A much greater percentage of the training should be done in the underload mode to allow "easy speed" to be learned. One must constantly rehearse what he wants to happen during the race for the body to accommodate new demands. That doesn't mean we are training "easier" by underloading_only differently. We are teaching the body to swim at faster paces with lower pulse rates. In general, the swimmer who is in contention at the three-quarter mark of a race_and who has a lower pulse rate than his competitors_will win.

Sprinters have learned, or are learning, that they have to achieve desired racing speed many times per week. In constrast, most distance-oriented athletes are doing an abundance of base work, but are short-changing themselves on underloading techniques that teach speed at all distances.

In every race, one's greatest limitation for continued improvement is raw speed. There are no pure endurance races in the pool. If you can't swim fast for 100 meters, you can't swim fast for 200 meters, 400 meters, 800 meters or even 1500 meters.

Look at the best swimmers in the world at 800 meters and 1500 meters. They all can achieve sprint times that are at or near world-class. Training in the pure overload mode_or with an overemphasis on overloading_likely will result in very bored athletes who probably would be best at the 25K open water races.

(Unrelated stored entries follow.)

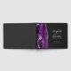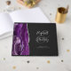 Cet élégant livre d'invités de mariage présente une aquarelle violette design ornée de parties scintillant en faux argent. Customisez facilement le texte gris argenté sur un arrière - plan noir foncé, avec les noms de la mariée et du marié dans la calligraphie d'écriture manuscrite fantaisiste sur une grande esperluette. Ajoutez le texte de votre choix à l'avant et à la colonne vertébrale.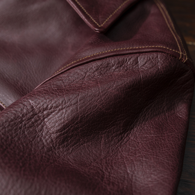 この複雑な発色はフラットなテクスチャーよりも、スジ感シボ感が強いバッファローハイドがマッチします。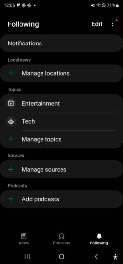 The app has three main sections: News, Podcasts, and Following. You can follow any news source that you like, and all those followed news sources will show up in the Followed section of the app. You can opt-in to get alerts for breaking news stories. You can also manage news topics such as business, cars, culture, entertainment, lifestyle, music, news, politics, science, sports, tech, travel, and more.
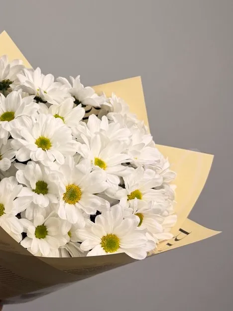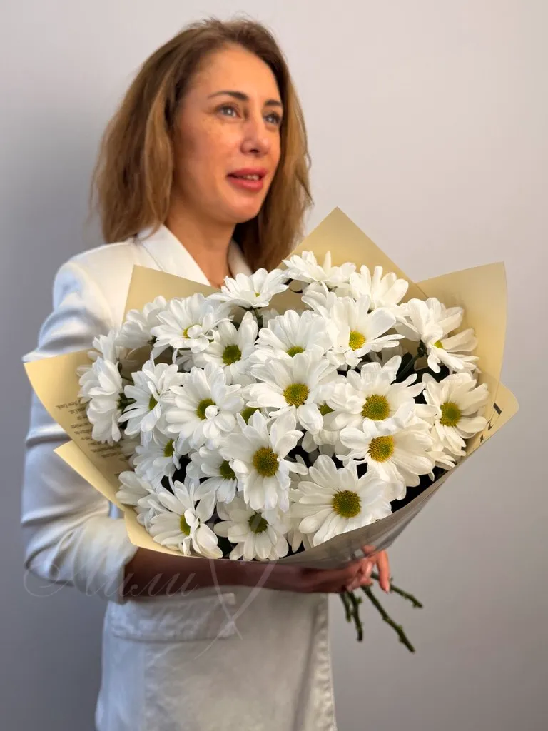 Букет «Белоснежный» из изящной кустовой хризантемы, создающей ощущение лёгкости и чистоты, станет идеальным украшением любого интерьера или приятным подарком для любого повода.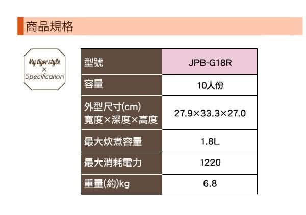 【虎牌】雙重壓力IH炊飯10人份電子鍋(JPB-G18R)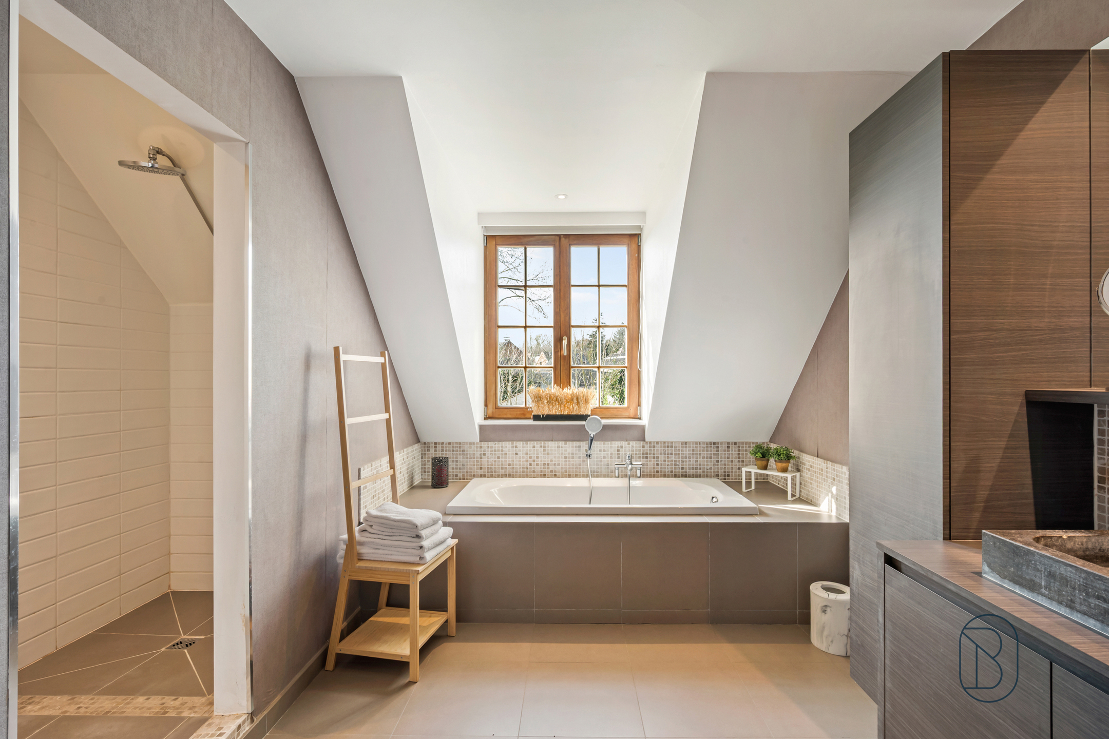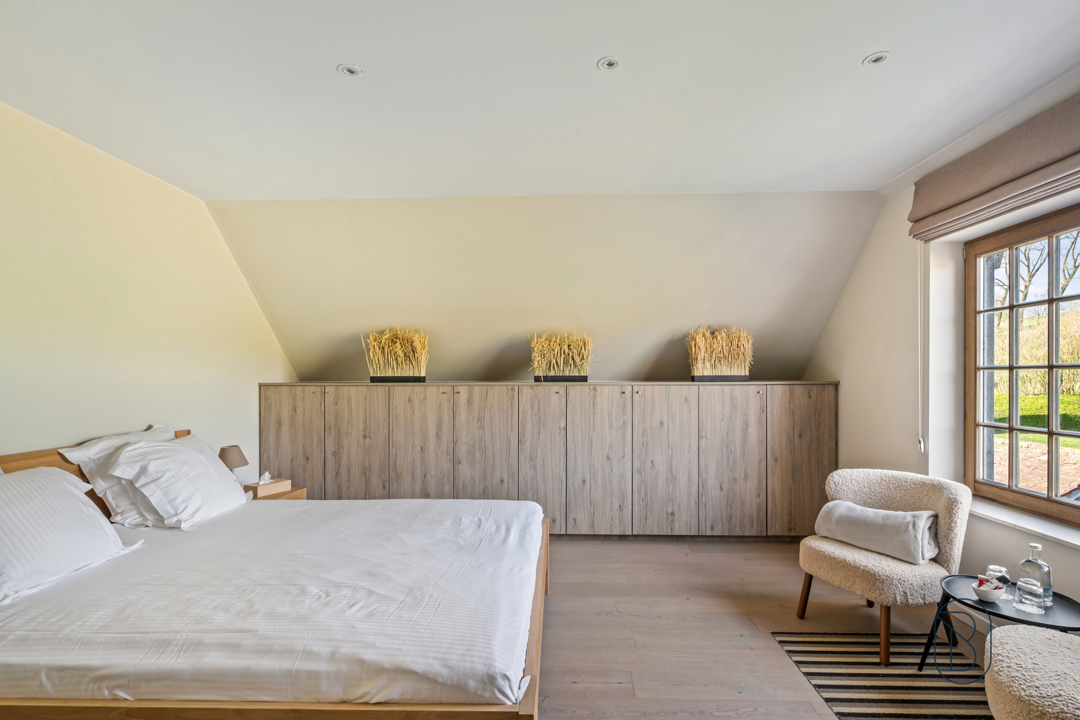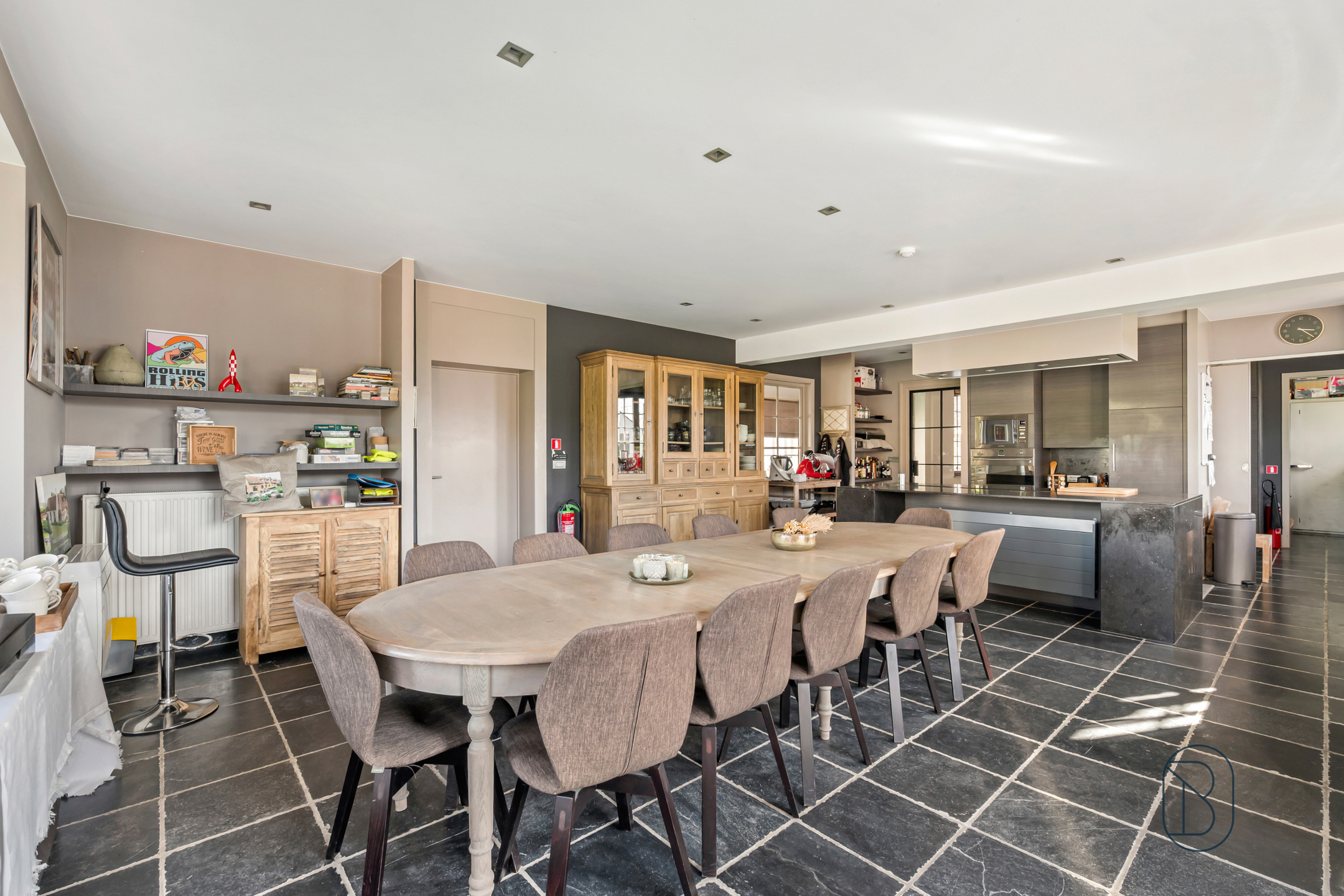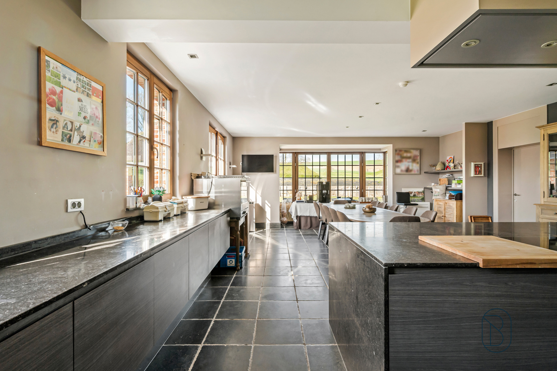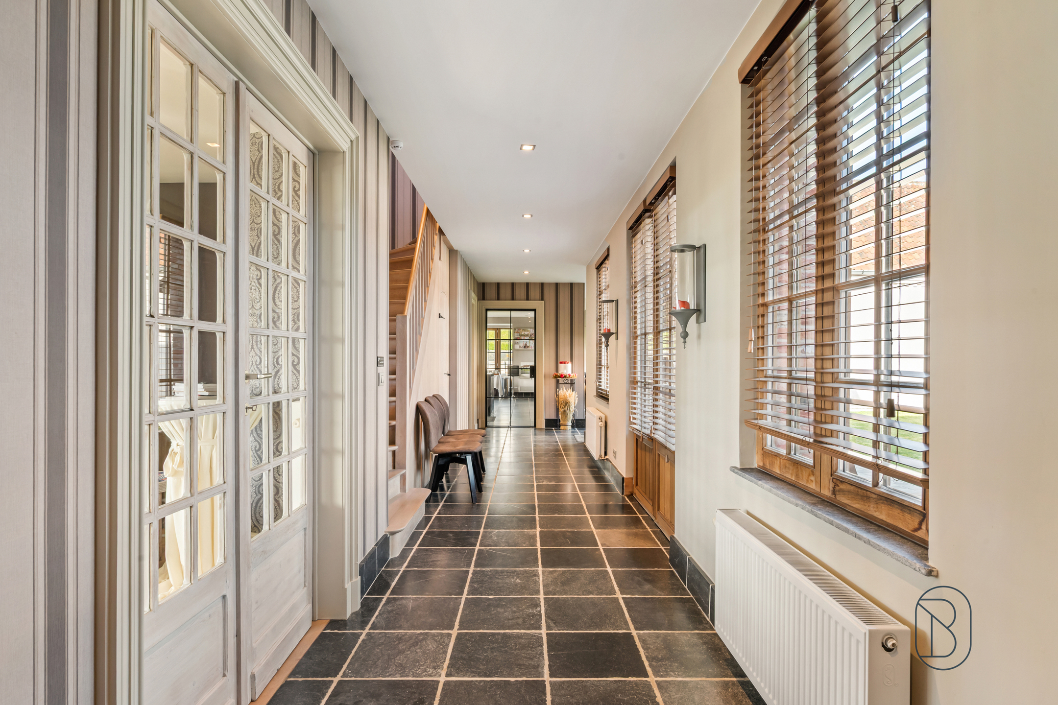 Binnen wordt u meteen verrast door de warme en gezellige geïnstalleerde leefkeuken met eiland, volledig uitgerust met kwalitatieve toestellen, en een praktische bijkeuken en berging met koelcel, inkom en ontvangsthal, gezellige zithoek en op het verdiep, 4 slaapkamers met 3 bad- en/of douchekamers.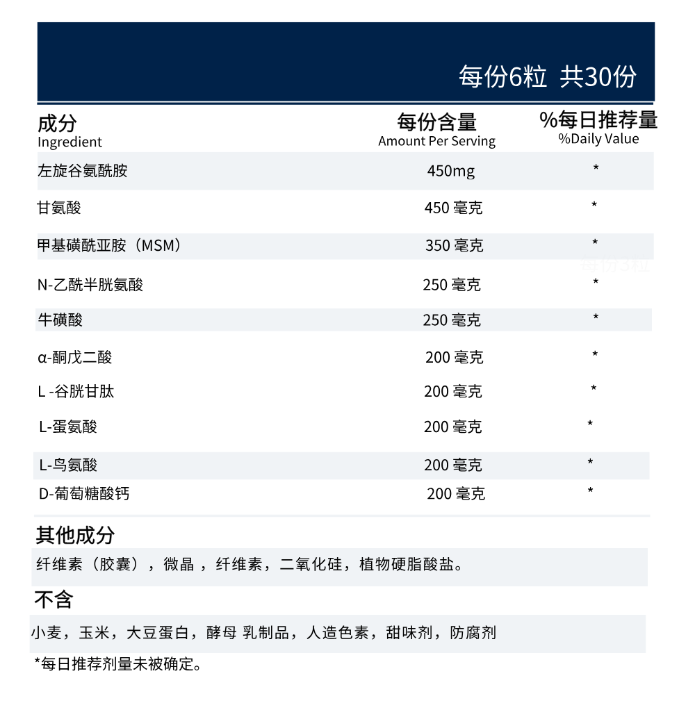 每日 6 粒,餐间服用,或遵医嘱。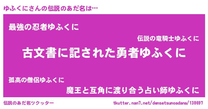 | ヒーロー風カッコイイあだ名 | 『ネオユフクニ』『ウルトラゆふくにマン』 |

To swim fast in practice is exciting, motivating, fun and difficult, but never boring.

There are advantages and disadvantages to both underloading and overloading. What we need to develop is a more intelligent way of incorporating these two principles to produce better results. The mix is part of the art of the sport.

Ron Johnson, former head men's swimming coach at Arizona State University from 1975-92 and co-coach of the women's team in 1977-78, currently coaches the Sun Devils Masters Swim Club in Tempe, Ariz. Johnson has also been named NCAA and USMS Coach of the Year.